======== Collected data ========

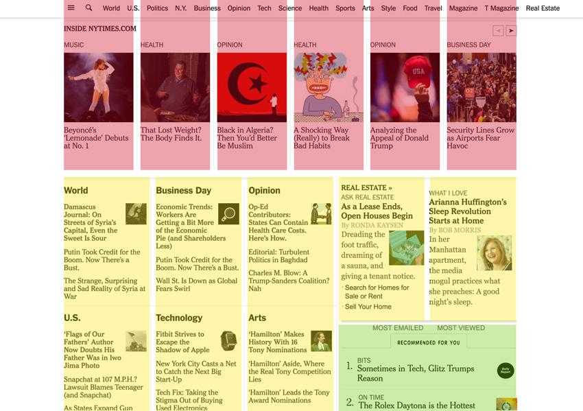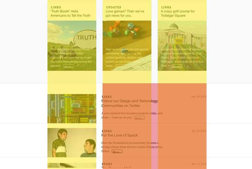 Если вы преуспели, ваша сетка поможет вам создать ментальную модель вашего сайта и отдельных его страниц. Это также подразумевает, что структура ваших страниц не должна полностью отличаться друг от друга — общий знаменатель, который регулирует вид каждой страницы должен быть частью вашего плана.
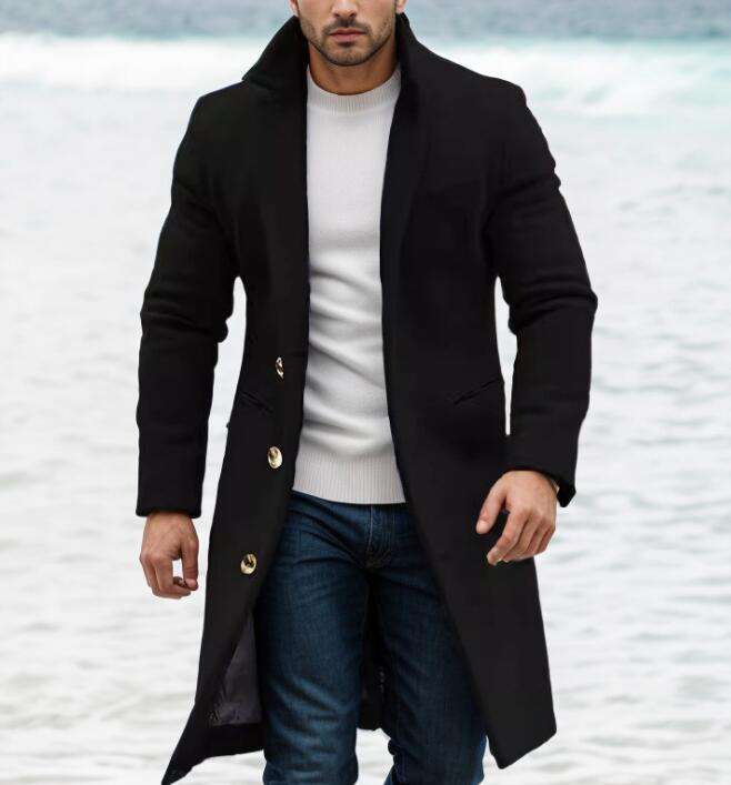 Manteau en laine mi-long pour homme, manteau d'hiver pour homme à simple boutonnage, veste coupe-vent unie pour homme
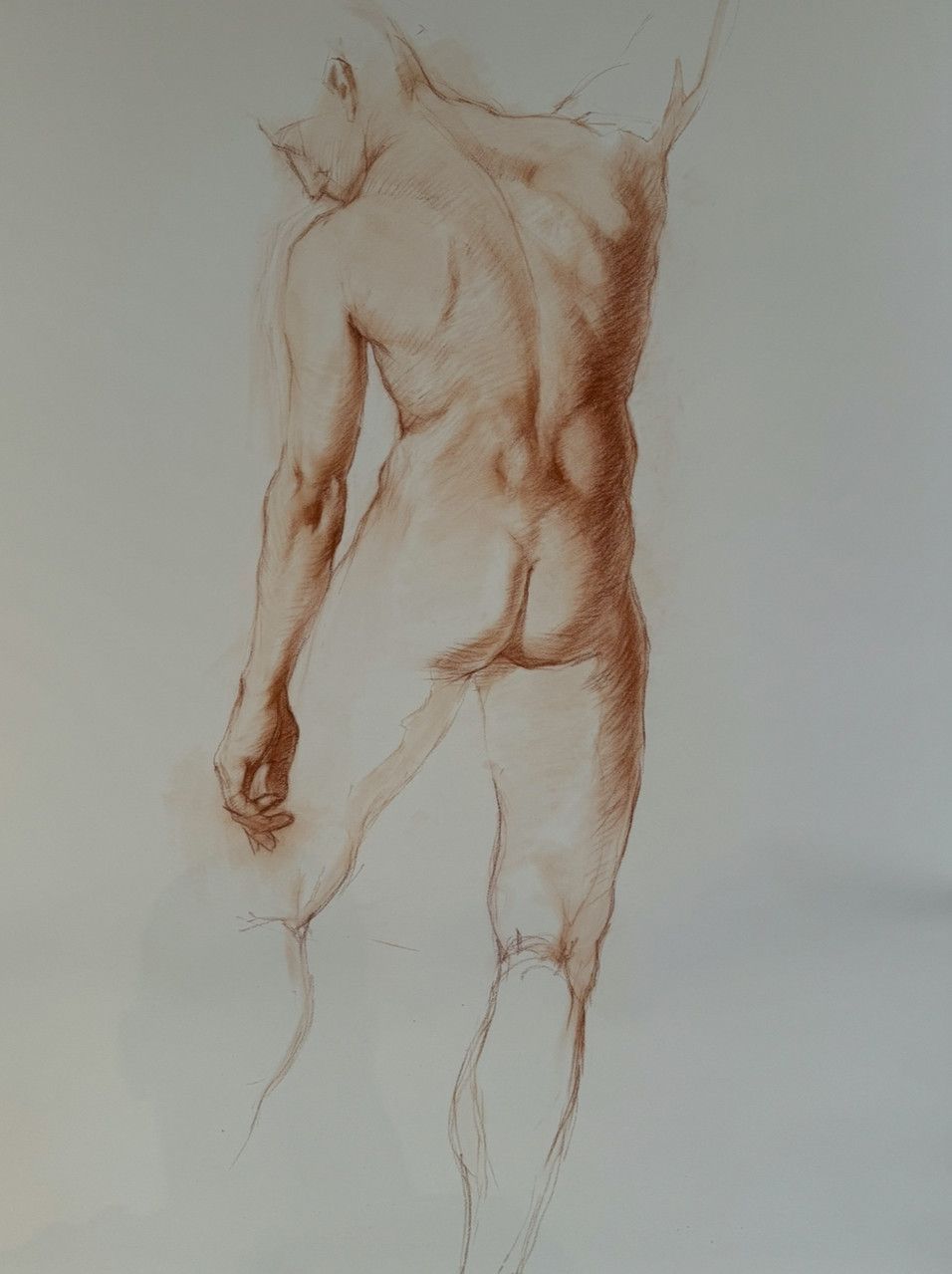 Drawing of the back of a figure. Drawn on a roll of paper, the rest of the roll rests on the floor.Type of Drawing

========

Your goal: What you write should match, word for word, the lines from the one containing "Manteau en laine" to the end of the listing, with both ends kept and the pictures left out.

Written answer:
 Manteau en laine mi-long pour homme, manteau d'hiver pour homme à simple boutonnage, veste coupe-vent unie pour homme
 Drawing of the back of a figure. Drawn on a roll of paper, the rest of the roll rests on the floor.Type of Drawing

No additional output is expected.